* **AVAILABLE DATA**:
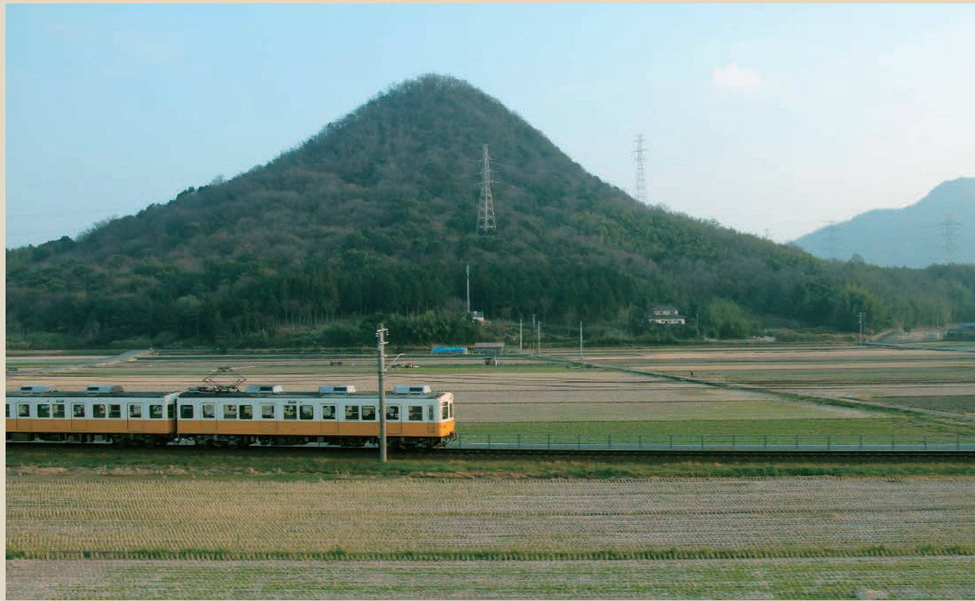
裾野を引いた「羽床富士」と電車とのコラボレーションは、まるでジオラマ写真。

==

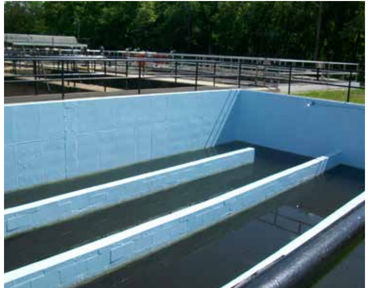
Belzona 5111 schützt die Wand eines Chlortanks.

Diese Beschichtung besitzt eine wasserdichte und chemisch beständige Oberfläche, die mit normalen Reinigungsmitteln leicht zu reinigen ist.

* **AIM OF THE EXERCISE**:
What you return should be exactly the lines above, starting at the one with "Belzona 5111 schützt" and ending at the one with "Diese Beschichtung besitzt", and nothing else.

* **RESPONSE AREA**:
Belzona 5111 schützt die Wand eines Chlortanks.

Diese Beschichtung besitzt eine wasserdichte und chemisch beständige Oberfläche, die mit normalen Reinigungsmitteln leicht zu reinigen ist.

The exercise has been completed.